I consider myself to have a pretty high pain tolerance. I’ve had stitches, staples, wisdom teeth removed without being put under, a knee surgery to put my right knee cap back into place and still run about 35-40 miles a week with no cartilage left in that knee.
This is different.
However, I’m otherwise very strong and healthy, which combined with my age puts me in a very low risk category. This also means that unless I need Emergency Room care I’m to nurse my symptoms at home and wait for the virus to run its course.
Once I’m able to go 72 hours without a fever or respiratory symptoms, I’m allowed to leave my apartment. But there’s no telling when that will be. I’ve been told the second week is the most severe for cough and body pains. As I turn that corner, all I can do is try to remain calm and trust that the body I’ve spent countless hours in the gym to make strong won’t fail me.

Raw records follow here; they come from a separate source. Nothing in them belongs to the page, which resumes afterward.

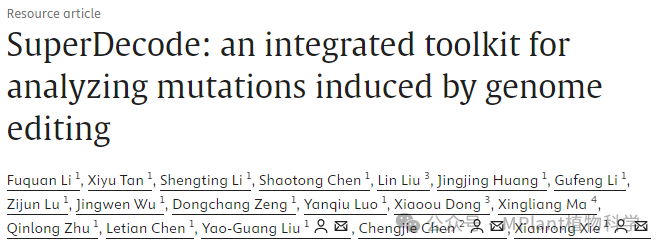 2025年3月4日,华南农业大学亚热带农业生物资源保护与利用国家重点实验室、农学院刘耀光/谢先荣团队联合多家单位在Molecular Plant在线发表了题为“SuperDecode: an integrated toolkit for analyzing mutations induced by genome editing”的研究论文。该论文报道了基于Sanger测序、二代测序和三代测序技术对各种基因编辑样品的不同类型突变进行高效检测的超级解码软件工具箱SuperDecode。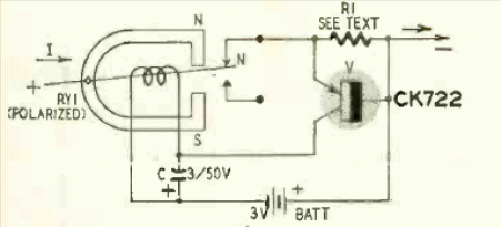 Este disyuntor utiliza un dispositivo electromecánico para abrir un circuito cuando aumenta la corriente. El circuito de pie de una Radio Electronics de noviembre de 1957.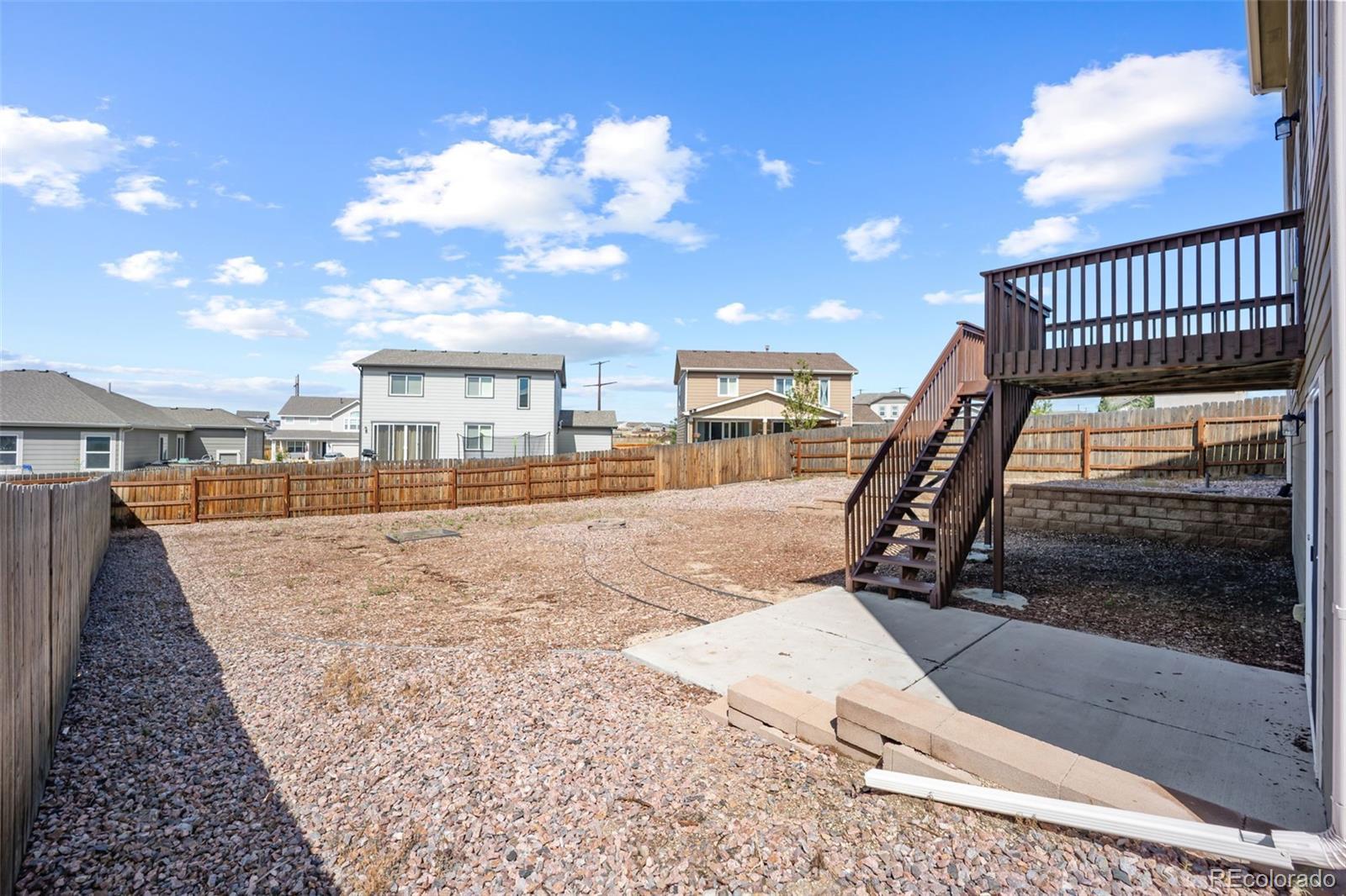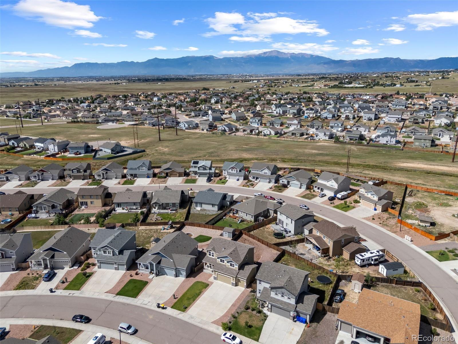 Assumable loan and no monthly HOA or metro fee! Situated on nearly a quarter-acre lot, it features mountain views, a finished walk-out basement, and an oversized 3-car garage with additional front parking for an RV, trailer, or boat. Enjoy relaxing on the front covered porch before stepping inside to an open-concept main level filled with natural light and views of Pikes Peak. A front room with French doors offers the perfect space for a home office or recreation area. The spacious kitchen includes 42” upper cabinets, granite countertops, a pantry, stainless steel appliances, and ample counter space, all while showcasing stunning mountain views. Step onto the deck to take in breathtaking sunsets while dining or unwinding. The dining area accommodates an 8+ person table, and the living room comfortably fits a large sectional and big-screen TV. Upstairs, a versatile loft provides room for a secondary seating area, playroom, or reading nook. The primary suite serves as a private retreat with a 5-piece bath featuring a deep soaking tub, tiled walk-in shower, double vanity, and walk-in closet. Three additional bedrooms and a full bath with double vanity complete the upper level. The fully finished walk-out basement offers a wet bar, wired for a home theatre and audio, office space, large bedroom, 3/4 bath with walk-in shower, and additional storage under the staircase. The fully fenced backyard includes a patio and fire pit, perfect for outdoor gatherings. Enjoy year round comfort with central A/C and upgraded Class IV Roof. All appliances included w/washer & dryer. Conveniently located near Peterson SFB, Schriever SFB, and the USAF Academy, with easy access to shopping, dining, schools, and outdoor recreation. Assumption requires substitution. Estimated payoff is $405,491, $2,510 PITI, 3.25% assumable interest rate. Schedule your showing today.
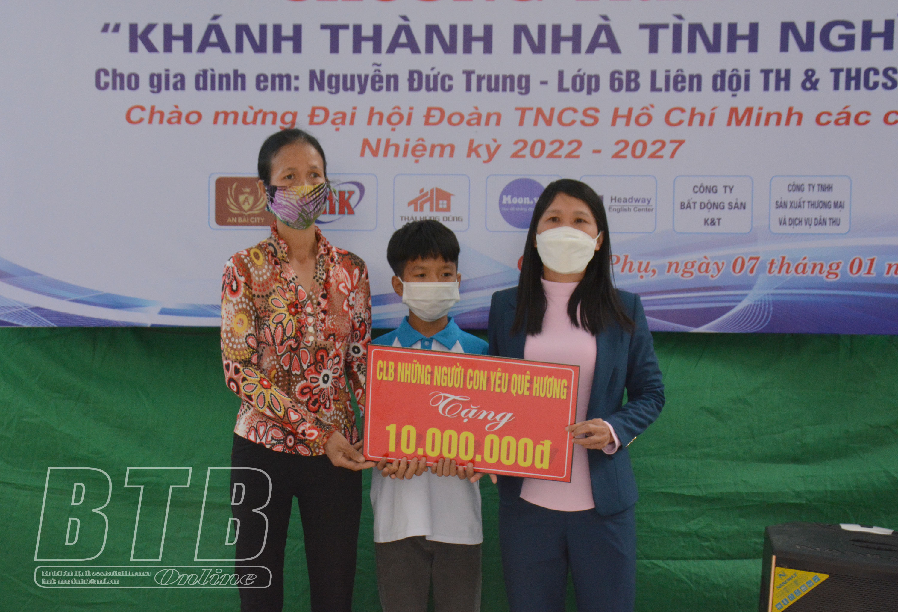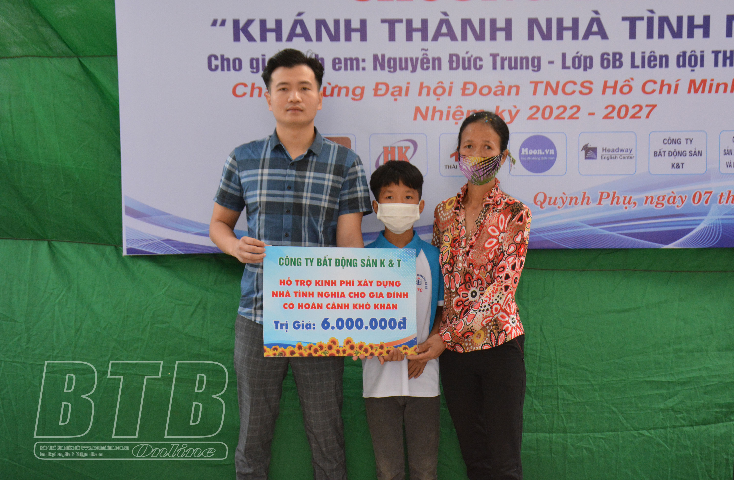 Tại buổi lễ khánh thành nhà tình nghĩa, đại diện các cấp bộ đoàn, chính quyền, các ban, ngành, đoàn thể đã trao tặng cho gia đình em Trung các vật dụng cần thiết trong cuộc sống.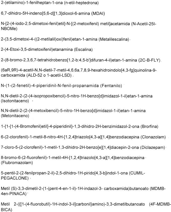 Artículo primero: Incorpórense al listado de sustancias o drogas estupefacientes o sicotrópicas del inciso primero del artículo 1º, del decreto supremo Nº 867, de 2007, del Ministerio del Interior, actual Ministerio del Interior y Seguridad Pública, que aprobó el reglamento de la ley Nº 20.000, las siguientes sustancias: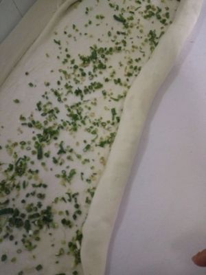 和好面,揉至光滑有劲儿,然后擀成一张大面皮,薄一点比较好吃。然后在面皮表面均匀涂上油,撒上盐和葱花。从面皮一头慢慢把面皮圈起来,变成一个长面卷。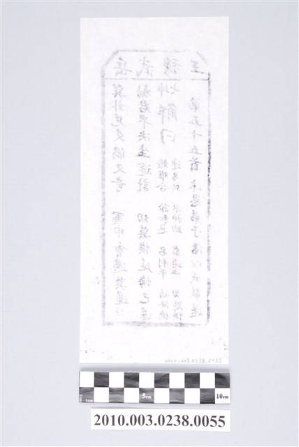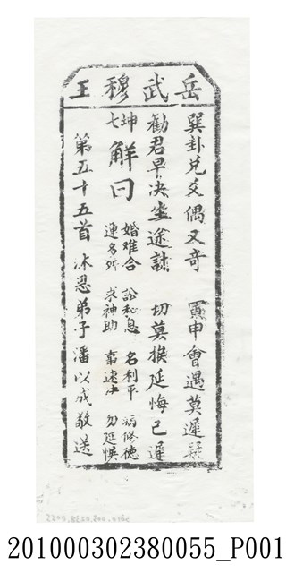 寺廟籤詩的基本架構有三種,一是來自於「甲子籤詩」的六十甲子數法,二是八卦命理思維的六十四卦排列,三是以九九極數加籤王而成百數籤詩。本件宜蘭碧霞宮岳武穆王籤詩木刻拓本屬於第二種六十四卦的籤詩的第五十五首。籤詩內容結構是上方梯形格內由右而左橫書「岳武穆王」四字,下方則是直書,由右至左排列七言律詩「巽卦兌爻偶又奇,寅申會遇莫遲疑。勸君早決生途計,切莫挨延悔已遲。」、「七坤 解曰:婚難合、訟和息、名利平、病修德、運多舛、求神助、事速決、勿追悞」、「第五十五首 沐恩弟子潘以成敬送」等三部份。

What’s more anxiety-invoking than the virus itself, is the cloud of uncertainty it carries. For me, this is not knowing when I can walk out my front door again. For too many of my friends who are now left out of work, it’s not knowing when they will see another paycheck.
I think of this and my cabin fever feels selfish and trite.
I may be sick, but I am one of the most fortunate in all of this madness. I’m young and healthy enough to fight the virus, I have good health insurance and an employer who is supportive of both my physical and mental health, as well as family and countless friends checking in on my well-being.
Too many people don’t have any of these things.
As a society, we are going to be feeling the impacts of Coronavirus for a long time. Unemployment is going to skyrocket and the economy is going to suffer, perhaps in ways not felt since the Great Depression. This is the time to give if you’re able. If your local businesses are temporarily closing their doors, buy gift certificates to help support them during this down time. To support national organizations visit CharityNavigator.org.
As a city and broader society we always bounce back, but not without the help of our neighbors.